Credit:  Brian Currie, Group Political Editor, The Herald, www.heraldscotland.com 26 April 2012 ~~

Donald Trump has claimed Alex Salmond told him over a dinner in New York that there would be no offshore wind turbines near his Aberdeenshire golf course.

Speaking at a Holyrood inquiry, he said the First Minister assured him that because of objections from the Ministry of Defence and the proximity of shipping lanes he was led to believe there would be “absolutely no wind farm”.

However, Mr Salmond’s spokesman said the claims were “total nonsense”.

George Sorial, Mr Trump’s executive vice-president, said the dinner was hosted by Scottish Development International in October 2007.

Mr Trump said: “We had a dinner, we talked for hours, we talked about windmills.”

Although the American tycoon did not name the restaurant, parliamentary records show it was the exclusive Perigord, a French restaurant in Manhattan, a one-time favourite of disgraced US President Richard Nixon and actors Richard Burton and Elizabeth Taylor.

He told the MSPs Mr Salmond had said during the dinner “there is the Ministry of Defence, you have lots of different things including shipping lanes because it’s near Aberdeen”.

He added: “I was certainly led to believe there would be absolutely no wind farm.”

Although he claimed to have been misled, Mr Trump said he liked Mr Salmond and refused to say he had been lied to.

He said “Do I like him? Yes. I think he is misguided.”

Mr Trump claimed it would be “disastrous” if the Scottish Government pursued its policy, adding: “When the UK stops subsidies, Scotland will go broke.”

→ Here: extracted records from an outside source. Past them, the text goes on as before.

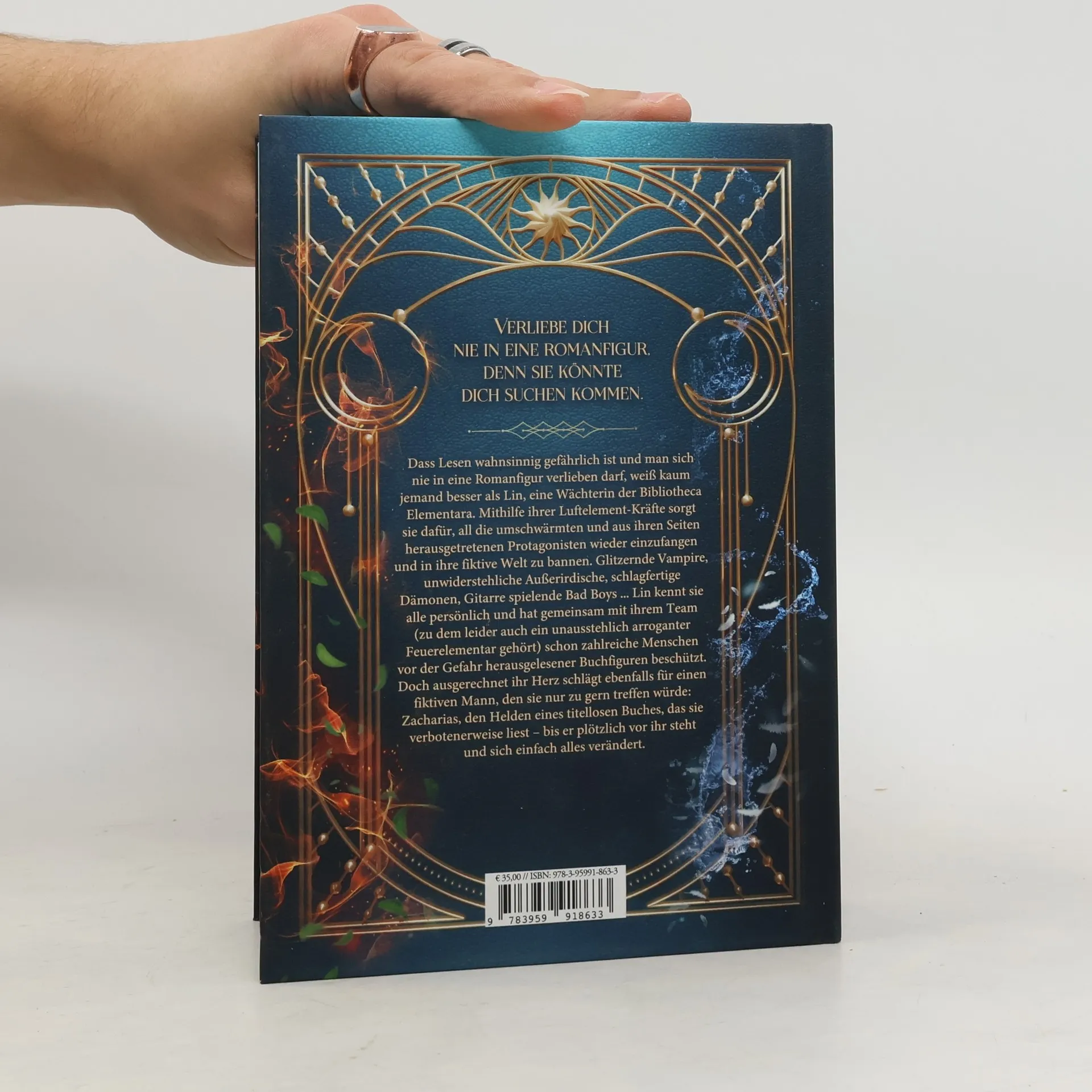 *Verliebe dich nie in eine Romanfigur, denn sie könnte dich suchen kommen.* Dass Lesen wahnsinnig gefährlich ist und man sich nie in eine Romanfigur verlieben darf, weiß kaum jemand besser als Lin, eine Wächterin der Bibliotheca Elementara. Mithilfe ihrer Luftelement-Kräfte sorgt sie dafür, all die umschwärmten und aus ihren Seiten herausgetretenen Protagonisten wieder einzufangen und in ihre fiktive Welt zu bannen. Glitzernde Vampire, unwiderstehliche Außerirdische, schlagfertige Dämonen, Gitarre spielende Bad Boys ... Lin kennt sie alle persönlich und hat gemeinsam mit ihrem Team (zu dem leider auch ein unausstehlich arroganter Feuerelementar gehört) schon zahlreiche Menschen vor der Gefahr herausgelesener Buchfiguren beschützt. Doch ausgerechnet ihr Herz schlägt ebenfalls für einen fiktiven Mann, den sie nur zu gern treffen würde: Zacharias, den Helden eines titellosen Buches, das sie verbotenerweise liest – bis er plötzlich vor ihr steht und sich einfach alles verändert. Sammelband beinhaltet die Einzelbände: Die Magie zwischen den Zeilen Die Welt hinter den Buchstaben Das Geheimnis unter der Tinte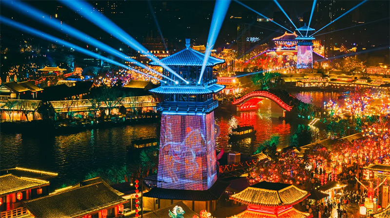 第九届国际灯笼展,百万盏花灯点亮夜空,宋风美学混搭国际元素,一步一景,穿越至宋代的上元灯会。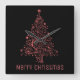 Relógio Quadrado Vermelho Metálico Estrelas Árvore de Natal Preto E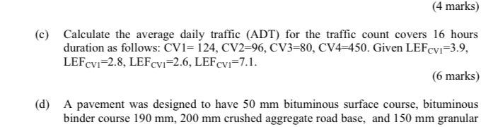 Solved 4 Marks C Calculate The Average Daily Traffic Chegg Com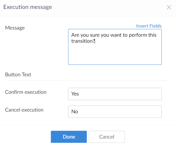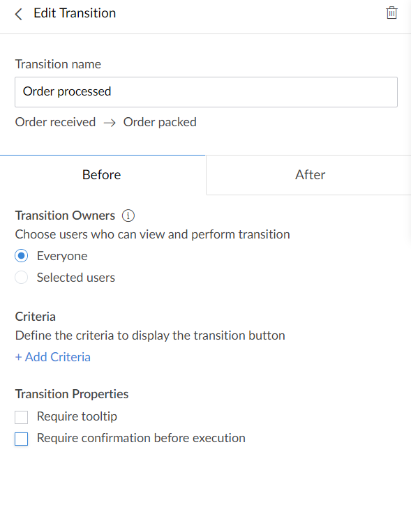 - The Require confirmation before execution option will ask for a confirmation before the transition is executed by the transition owner. To enable it click on the checkbox.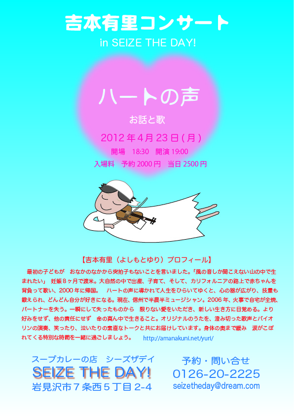 場所 ル・ムートンブラン(オーガニックの食事とケーキ) →チラシ 午後2時半開場 3時開演 予約 2000円 当日2500円 (飲み物 お食事は別途オーダーくだい) ご予約&お問い合わせ 0265-76-3737(ル・ムートンブラン) |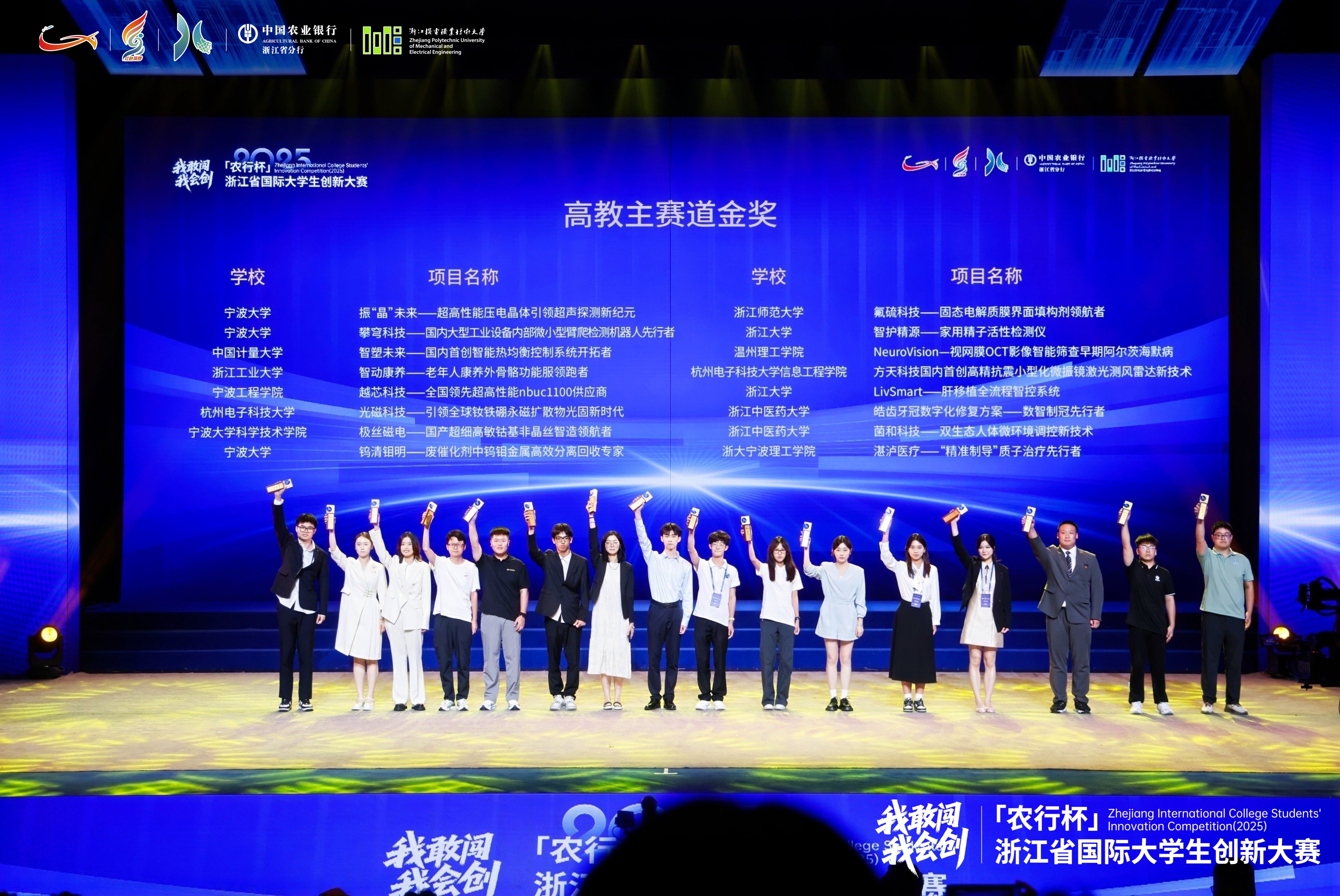 7月11日-7月13日,为期三天的 “农行杯”浙江省国际大学生创新大赛(2025)在浙江机电职业技术大学圆满落幕。我校19支参赛队伍进入省决赛,经过激烈角逐,斩获9金10银的优异成绩!金奖项目数位列省属高校第三,创省赛历史最好成绩,连续三年刷新我校省赛历史纪录。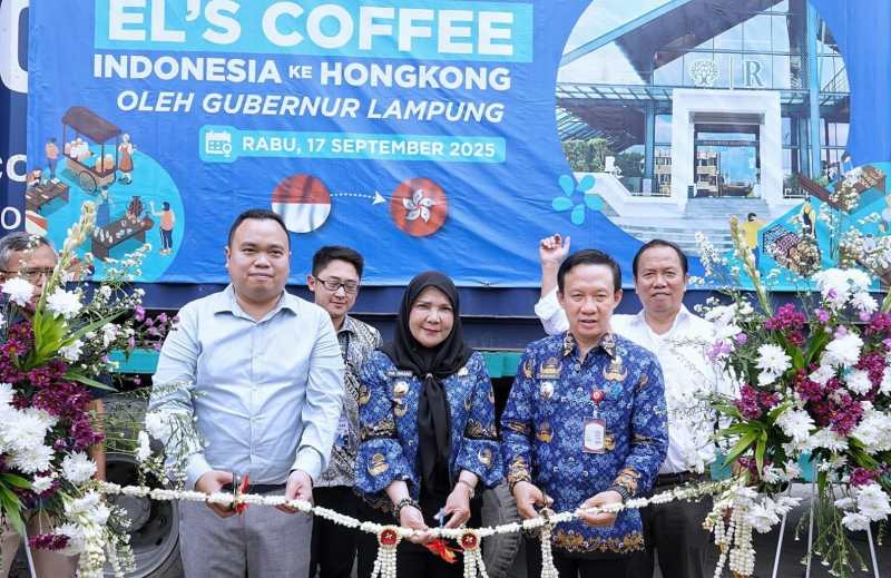 Bandar Lampung, Tipikor.news – Sekretaris Daerah Provinsi Lampung Marindo Kurniawan bersama Walikota Bandar Lampung Eva Dwiana dan Owner El’s Coffee Elkana Arlen Riswan melepas ekspor kopi di EL’s Coffee Roastery, Rabu (17/9/2025).

Asked if Mr Salmond had offered to use his influence as First Minister to block the application, Mr Trump said: “I don’t think he said that, no. But he led me to believe there would be no wind farm.”

He insisted he had been “lured” into investing in Scotland by Mr Salmond and his predecessor Jack McConnell after being assured by them no wind turbine development would be built near his golf resort.

He said: “What they did is they lured me in. I spent this money and now I might regret it. I think other people that want to invest in Scotland are watching me, and they’re watching what happened and I think they’re going to say, ‘we’re not going to invest in Scotland’.”

Both politicians deny they gave any assurances to Mr Trump.

The American tycoon also questioned the job creation claims made by Mr Salmond’s government, saying it would “destroy” tourism.

When questioned where the evidence was to support his assertion, he replied: “I am the evidence. I am an expert in tourism, I am considered a world-class expert in tourism, so when you say where is the evidence, I am the evidence.”

Mr Trump also rejected claims that part of the SNP’s election success was because of its renewables policy.

He said: “This is the same thinking that gave you Megrahi, where they let him out of prison because he’d be dead within two weeks. Well, guess what, he was seen running in the park last week. This is the exact same thing.”

Mr Sorial insisted that “people all over Scotland are screaming in opposition” to wind power.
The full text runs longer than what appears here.